Gorter, Kaufer, Friedman and colleagues have contributed to establish that BBB dysfunction occurs in epilepsy as in multiple neurological disorders including stroke and trauma. Consequently, blood-borne molecules enter the brain and induce an injury response leading to pathological changes.^59-61 In particular, Kaufer reported evidence in collaboration with Friedman that albumin, the most abundant protein in the blood, serves as a signaling molecule to trigger the inflammatory injury response.^59-62 Upon entering the brain after vascular damage, albumin is sensed by astrocytes, apparently via binding to transforming growth factor beta receptors (TGFβR), inducing the inflammatory TGFβ signaling pathway.

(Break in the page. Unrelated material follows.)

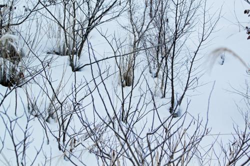 昼間9時間53分、夜間14時間07分、次の新月(2/3春分の日)まであと15日・・・。 (以上、casio G'z GEAR内 山形県データによる) ちなみに、次の新月に当る2/3春分の日は、2011年は旧歴の元旦となる様だ。 今朝も、いかにも積もりそうな雪が、音も無く淡々と降りしきっている。 木々も眠っている感じだし、動物たちも活性が低く、 せいぜい、犬っ子達の接近が、有刺鉄線の柵の下にじっと隠れていたキジを驚かせて、 慌てた様なゴトゴトという羽音を残して飛び出させてしまった程度だ。 キジには、なんだか気の毒な事をしてしまった感じだった。 日の出時刻を過ぎても、写真を撮れる様な明るさじゃないし、仮に撮ったとしても、 鉛色に近いダークなブルーグレーの光の膜・・・という感じなので、アキラメた。 大寒の前日という事で、この様なお天気なのだろうが、 だからこそ、春の訪れ(音擦れ)が待ち遠しかったり、光が目に染みたりと、 こんな「振り幅」が、脳みそを非言語的にちーゃんとマッサージしてくれるので、 ま、<東北の裏日本>っぽくって、良しとすべしである。 |

This sets in motion a cascade of events that represent the earliest stages of post-traumatic pathology. Astrocytes become reactive and proliferate, releasing TGFβ1 and additional pro-inflammatory cytokines that amplify the injury response throughout the brain. In turn, subsequent widespread inflammatory signaling modulates neural physiology and network connectivity, causing changes that enhance neural excitability and ultimately lead to epilepsy. It has been shown that albumin activates TGFβR in astrocytes, causing a strong pro-inflammatory response and variety of changes within the neurovascular unit, including: reactive gliosis, reduced K+ and glutamate buffering, increased excitatory synaptogenesis and aberrant neurogenesis. These changes recapitulate the major hallmarks of epileptogenesis that have been extensively documented across animal models of epilepsy and in tissue samples from patients, to provide a “missing link” for how injury triggers these pathological changes. Using bioinformatics transcriptome analysis following five diverse clinical scenarios where BBB is disrupted (stroke, trauma, chemically-induced BBB disruption, and infusion of serum albumin or TGFβ), a common transcriptional signature was discovered dependent on albumin-induced activation of TGFβ signaling. Extracellular matrix (ECM) related-genes emerged as a common transcriptional response, predicting consequent degradation of ECM.⁶² Indeed, exposure of brain environment to albumin led to persistent degradation of perineuronal nets (PNNs, a protective ECM structure that provide synaptic stability and restrict reorganization of inhibitory interneurons) via activation of TGFβ signaling.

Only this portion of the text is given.